Sexual Function in Men with Degenerative Chronic Low Back Pain: A Cross-Sectional Study
摘要
Chronic Low back pain (CLBP) is a common health concern with various consequences in particular on different aspects of sexual function. This study aimed to assess sexual function in men with chronic degenerative CLBP and to identify factors associated with erectile dysfunction (ED). We conducted a cross-sectional study over a 12-month period. Adult male patients with degenerative CLBP (≥ 3 months duration) of degenerative or disc-related origin were consecutively enrolled. Sociodemographic characteristics and CLBP characteristics (intensity with Visual Analogic Scale (VAS), radicular pain and its pattern…) were collected. Patients with inflammatory rheumatic diseases, prior spinal surgery, or medical conditions known to cause sexual dysfunction were excluded. Sexual function was evaluated using the International Index of Erectile Function (IIEF) and the Sexual Assessment Questionnaire (SAQ). Psychological status, disability, and sleep quality were also evaluated. Multivariate logistic regression was performed to identify factors associated with ED. We included 101 male patients with a mean age of 52.14 ± 12.89 years. Erectile dysfunction (IIEF erectile function domain ≤ 25) was present in 83% of patients, with 34% experiencing moderate-to-severe ED. Sexual desire and satisfaction were affected in 71.3% and 83.2% of patients, respectively. Patients with ED had a significantly higher age (p = 0.01) and LBP duration (p < 0.004). Additionally, ED was significantly associated with married status, work status, and muscle relaxant use. Age > 46 years and CLBP duration > 4 years were identified as significant thresholds associated with ED (AUC 0.848 and 0.745, respectively).
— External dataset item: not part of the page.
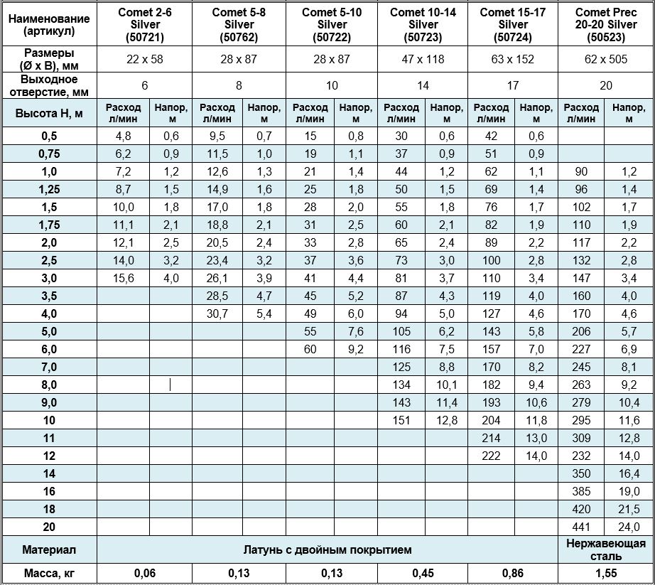 Фонтанная насадка Comet 5-8 Silver

In multivariate analysis, age > 46 years, CLBP duration > 4 years, anxiety symptoms, and unemployment were independently associated with ED, while muscle relaxant therapy was associated with lower risk of ED. Men with degenerative chronic mechanical LBP frequently experience impaired sexual function. Older age, longer disease duration, anxiety, and unemployment were independently associated with erectile dysfunction. Routine assessment of sexual health should be considered in the comprehensive management of chronic LBP.